Little else reflects that as much as writing about exit strategies and emotions leaving a relationship turned dark. Toric writes about this cruel and all too common twist of romantic fate from the point of view of an insider, someone who has lived this rather than imagining it for listeners, and it gives the cut intimacy and immediacy in spades. Her credibility and the song’s is beyond question. You hear her throwing every ounce of herself into the track and never doubt her from the first line onward.
She is also negotiating and orchestrating her presence as well. Toric commits herself to all the right lines and syllables, but she never presses too hard and pulls this song from raw emotion into melodramatic overkill. Straddling the line between a studied and over the top performance is a much more difficult tightrope than you may even think, but Toric makes it sound easy. It is what the great ones do and the offhanded skill they exhibit keeps us coming back for more.
Gregg Cash handles the song’s guitar and bass playing as well as the arranging.

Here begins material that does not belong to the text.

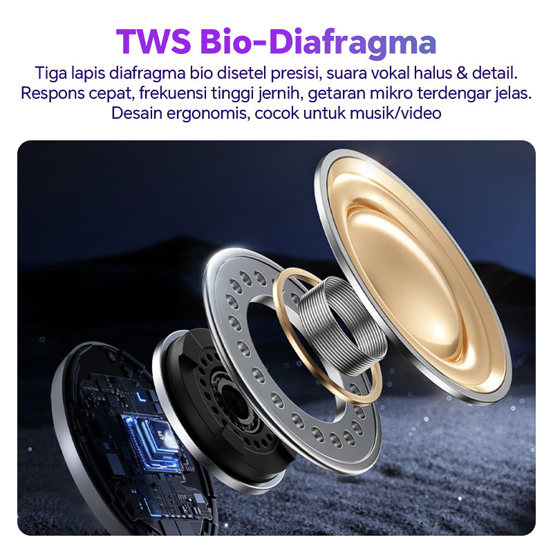 [Star]Earphone Bluetooth5.4J16PRO--NoiseCancelling,Bass Mantap,Baterai Tahan Lama 30 Jam,Led Tampilan Sport Gaming Musik
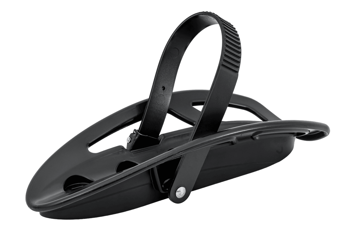 Wielsteun met riem voor het vastzetten van het wiel op Peruzzo Parma fietsendragers voor op de trekhaak.

It is quite a load, but it pays off with a performance that never seems like it is at a loss for invoking a compelling instrumental texture or reinforcing the vocal in some significant way. Dylan Howard supplies the final piece of the musical puzzle with a powerful array of beats and rhythmic shifts that fuel the song with energy. There is plenty here to engage listeners both emotionally and physically.
I believe translating the song to live performance wouldn’t be difficult. The dynamics of the track are designed in such a way that it holds seemingly boundless promise as a live song and the chorus, in particular, presents a particular memorable opportunity for Toric to blow live audiences away. She is only on her second album with Dead Reckoning, but it is impressive how she has marshaled her strengths with such seeming effortlessness.
What a trajectory in just two years. Three singles in and you can mark Dead Reckoning, in my book, as a success already and scarcely shot out from the starting blocks. It’s only going to get bigger from this point onward. This is a moment when Toric’s career likely ascends to a higher level than before and listeners present for this moment are likely to be fans for life of this talented performer and songwriter. She’s well on her way to something special and continues blazing an uncompromising trail to get there.